In questa sinistra illuminazione del globo avanza una mercificazione integrale dell’urbano e della vita. A produrla un mutamento straordinario nelle forme e nelle strutture del metabolismo urbano.
Si pensi al commercio, rivoluzionato da internet e dall’on-line, per natura attivabile ad ogni ora del giorno o della notte, ma che, quando incarnato in materie solide, con i suoi corrieri intasa le vie cittadine desertificandole però di tanti antichi presidi commerciali di prossimità o financo dei più nuovi e un tempo avveniristici super o iper-mercati.
I repertori annuali della Camere di Commercio fotografano implacabili la scomparsa di tanti luoghi antichi - prime tra tutte le librerie con i loro ritrovati cartacei - ma anche di intraprese di lignaggio modernissimo quando non ipermoderno: si pensi alla rivoluzione del video o del suono e alla subitanea scomparsa di VHS, DVD e CD e dei relativi punti di vendita e nolo. A svettare in saldi positivi tutto ciò che si sostanzia in socializzazione e ritrovo, conviviale o di intrattenimento e svago, soprattutto nelle sue incarnazioni notturne. È la cosiddetta «movida» divenuta pietra di paragone o scandalo, secondo i punti di vista, d’ogni discussione o confronto sull’attrattività o vivibilità di città e paeselli, quartieri interi o strade, termometro strattonato tra intraprendenza imprenditoriale e civismo. Le cronache quotidiane, specie quest’estate, sono state inondate dai resoconti di provvedimenti amministrativi o giudiziari tesi a disciplinare o punire gli eccessi, a garanzia ora di flussi economici ora di quiete individuale o collettiva. Straordinaria come non mai l’attenzione agli appetiti, più o meno oscuri, più o meno legali, cresciuti alla sua ombra e ai suoi consumi, di criminalità e malaffare.
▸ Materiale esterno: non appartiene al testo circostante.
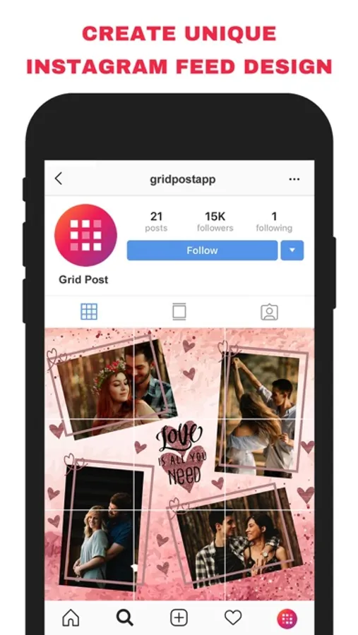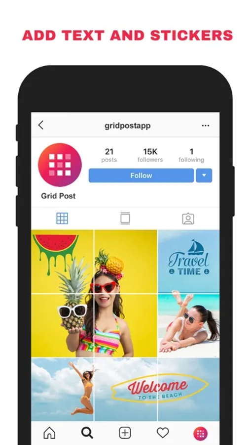 Grid Post app allows you to split(crop) your large rectangular photos into a number of square pics and upload them to Instagram and impress your friends and your profile page visitors!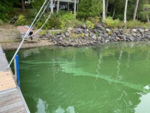 Androscoggin Lake has experienced serious algal blooms over the last few years. A lake-wide algal bloom is recognized by the state when water clarity drops below 2m. When a bloom begins to occur, ALIC alerts lake residents by e-mail to the condition and to possible harmful effects, especially near shorelines where green scum has formed.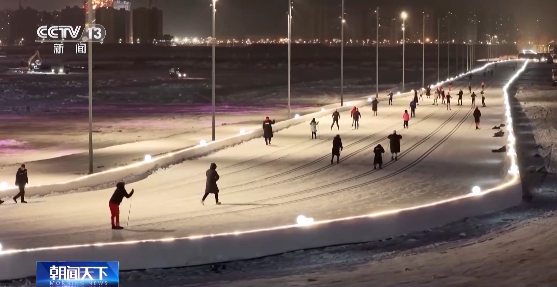 總臺記者 孫晶:我所在的地方是長春市伊通河畔的肆季南河岸線公園,這條全長5.7公里的雪道,是全國首創(chuàng)的城市燈光越野滑雪場地,溫度是零下22攝氏度,但現(xiàn)場十分熱鬧。

Nel bailamme di grida e proclami, tuttora assai agitato, spicca solitario e un po’ negletto l’atto di un Comune - quello di Bologna - su cui val la pena di riflettere: una delibera di giunta con, all’ordine del giorno, la costituzione di un gruppo di lavoro denominato «Tempi della città». L’intento: avviare una riflessione a larghissimo spettro ampiamente partecipata dalla città e con l’ausilio di ogni possibile esperienza specialistica per individuare tutti gli interventi e le azioni «finalizzati alla conciliazione degli orari dei servizi e delle attività pubbliche e private di interesse generale».
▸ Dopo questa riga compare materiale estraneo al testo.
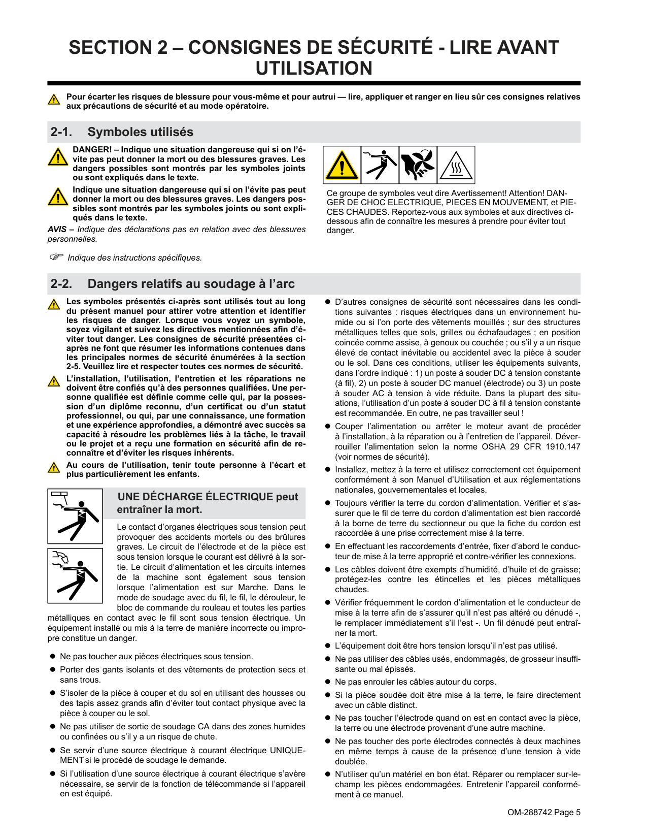 Pour écarter les risques de blessure pour vous-même et pour autrui — lire, appliquer et ranger en lieu sûr ces consignes relatives aux précautions de sécurité et au mode opératoire. 2-1. Symboles utilisés DANGER! – Indique une situation dangereuse qui si on l’é- vite pas peut donner la mort ou des blessures graves. Les dangers possibles sont montrés par les symboles joints ou sont expliqués dans le texte. Indique une situation dangereuse qui si on l’évite pas peut donner la mort ou des blessures graves. Les dangers pos- sibles sont montrés par les symboles joints ou sont expli- qués dans le texte. AVIS – Indique des déclarations pas en relation avec des blessures personnelles. F Indique des instructions spécifiques. Ce groupe de symboles veut dire Avertissement! Attention! DAN- GER DE CHOC ELECTRIQUE, PIECES EN MOUVEMENT, et PIE- CES CHAUDES. Reportez-vous aux symboles et aux directives ci- dessous afin de connaître les mesures à prendre pour éviter tout danger. 2-2. Dangers relatifs au soudage à l’arc Les symboles présentés ci-après sont utilisés tout au long du présent manuel pour attirer votre attention et identifier les risques de danger. Lorsque vous voyez un symbole, soyez vigilant et suivez les directives mentionnées afin d’é- viter tout danger. Les consignes de sécurité présentées ci- après ne font que résumer les informations contenues dans les principales normes de sécurité énumérées à la section 2-5. Veuillez lire et respecter toutes ces normes de sécurité. L’installation, l’utilisation, l’entretien et les réparations ne doivent être confiés qu’à des personnes qualifiées. Une per- sonne qualifiée est définie comme celle qui, par la posses- sion d’un diplôme reconnu, d’un certificat ou d’un statut professionnel, ou qui, par une connaissance, une formation et une expérience approfondies, a démontré avec succès sa capacité à résoudre les problèmes liés à la tâche, le travail ou le projet et a reçu une formation en sécurité afin de re- connaître et d’éviter les risques inhérents. Au cours de l’utilisation, tenir toute personne à l’écart et plus particulièrement les enfants. UNE DÉCHARGE ÉLECTRIQUE peut entraîner la mort. Le contact d’organes électriques sous tension peut provoquer des accidents mortels ou des brûlures graves. Le circuit de l’électrode et de la pièce est sous tension lorsque le courant est délivré à la sor- tie. Le circuit d’alimentation et les circuits internes de la machine sont également sous tension lorsque l’alimentation est sur Marche. Dans le mode de soudage avec du fil, le fil, le dérouleur, le bloc de commande du rouleau et toutes les parties métalliques en contact avec le fil sont sous tension électrique. Un équipement installé ou mis à la terre de manière incorrecte ou impro- pre constitue un danger. l Ne pas toucher aux pièces électriques sous tension. l Porter des gants isolants et des vêtements de protection secs et sans trous. l S’isoler de la pièce à couper et du sol en utilisant des housses ou des tapis assez grands afin d’éviter tout contact physique avec la pièce à couper ou le sol. l Ne pas utiliser de sortie de soudage CA dans des zones humides ou confinées ou s’il y a un risque de chute. l Se servir d’une source électrique à courant électrique UNIQUE- MENTsi le procédé de soudage le demande. l Si l’utilisation d’une source électrique à courant électrique s’avère nécessaire, se servir de la fonction de télécommande si l’appareil en est équipé. l D’autres consignes de sécurité sont nécessaires dans les condi- tions suivantes : risques électriques dans un environnement hu- mide ou si l’on porte des vêtements mouillés ; sur des structures métalliques telles que sols, grilles ou échafaudages ; en position coincée comme assise, à genoux ou couchée ; ou s’il y a un risque élevé de contact inévitable ou accidentel avec la pièce à souder ou le sol. Dans ces conditions, utiliser les équipements suivants, dans l’ordre indiqué : 1) un poste à souder DC à tension constante (à fil), 2) un poste à souder DC manuel (électrode) ou 3) un poste à souder AC à tension à vide réduite. Dans la plupart des situ- ations, l’utilisation d’un poste à souder DC à fil à tension constante est recommandée. En outre, ne pas travailler seul ! l Couper l’alimentation ou arrêter le moteur avant de procéder à l’installation, à la réparation ou à l’entretien de l’appareil. Déver- rouiller l’alimentation selon la norme OSHA 29 CFR 1910.147 (voir normes de sécurité). l Installez, mettez à la terre et utilisez correctement cet équipement conformément à son Manuel d’Utilisation et aux réglementations nationales, gouvernementales et locales. l Toujours vérifier la terre du cordon d’alimentation. Vérifier et s’as- surer que le fil de terre du cordon d’alimentation est bien raccordé à la borne de terre du sectionneur ou que la fiche du cordon est raccordée à une prise correctement mise à la terre. l En effectuant les raccordements d’entrée, fixer d’abord le conduc- teur de mise à la terre approprié et contre-vérifier les connexions. l Les câbles doivent être exempts d’humidité, d’huile et de graisse; protégez-les contre les étincelles et les pièces métalliques chaudes. l Vérifier fréquemment le cordon d’alimentation et le conducteur de mise à la terre afin de s’assurer qu’il n’est pas altéré ou dénudé -, le remplacer immédiatement s’il l’est -. Un fil dénudé peut entraî- ner la mort. l L’équipement doit être hors tension lorsqu’il n’est pas utilisé. l Ne pas utiliser des câbles usés, endommagés, de grosseur insuffi- sante ou mal épissés. l Ne pas enrouler les câbles autour du corps. l Si la pièce soudée doit être mise à la terre, le faire directement avec un câble distinct. l Ne pa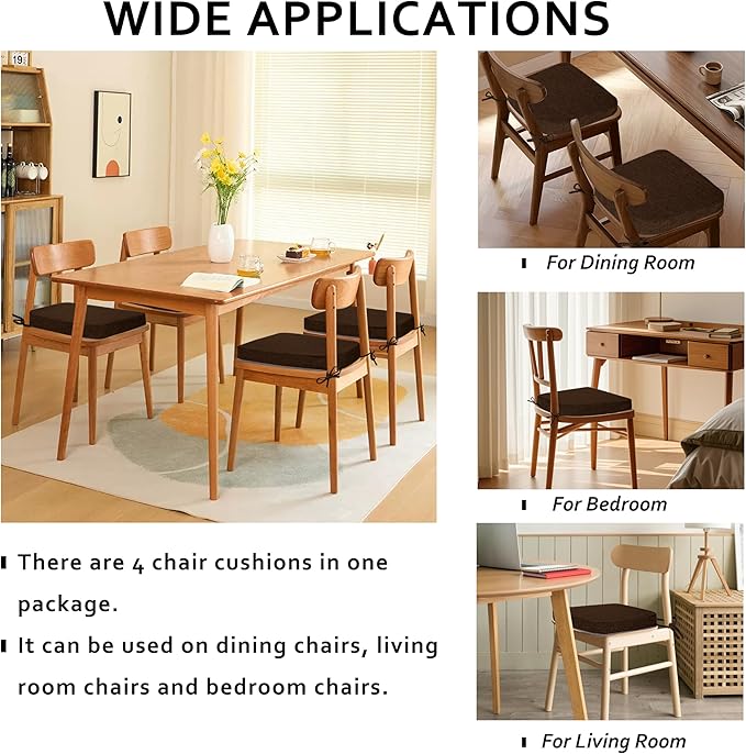 - [Double Anti-Slip]-The non-slip feature of our chair cushions is simply impeccable, with extended straps and anti-slip silicone particles on the bottom. Even if you twist and turn on it, it won't slide sideways. Wooden chairs or plastic chairs, maybe they do have a slippery surface, but it's hard to beat our products! Sit firmly on it and experience the peace of mind and safety our products provide.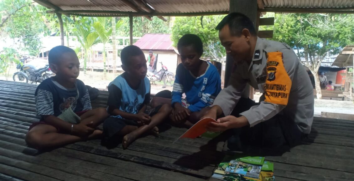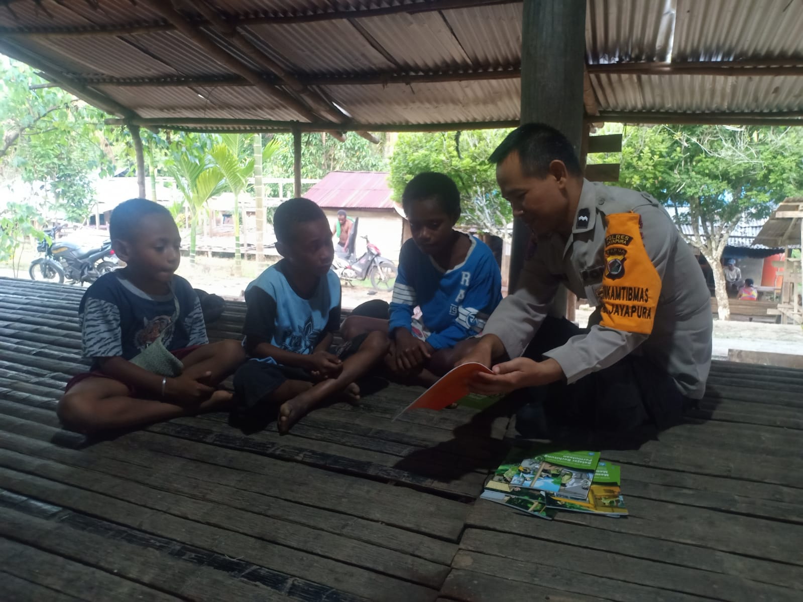 Dengan rasa tanggung jawab besar untuk bersama berantas buta aksara Program gerakan baca tulis (GABUS), Bhabinkamtibmas Aipda Krisbiantoro yang didampingi sekretaris kampung Permenas Samon menyambangi 3 anak – anak peserta didik Gat Samon (8), Nando Samon (7) dan Paulina Samon (7).

Un esempio che val la pena forse di seguire a più largo raggio. Il metabolismo complessivo di una comunità, le sue forme di vita, non possono essere strattonati di qua e di là o esser lasciati in balia di decisioni solitarie, dall’alto di qualsiasi scranno: amministrativo o giudiziario. È ora che le comunità riprendano in mano il timone, passando magari per inevitabili momenti complessivi di riflessione e confronto organici.
Chissà che dopo non si possa ritornare a una vita cittadina più armoniosa. E forse anche a «rimirar le stelle». Non solo nei quadri di Van Gogh o dagli oblò di inarrivabili astronavi.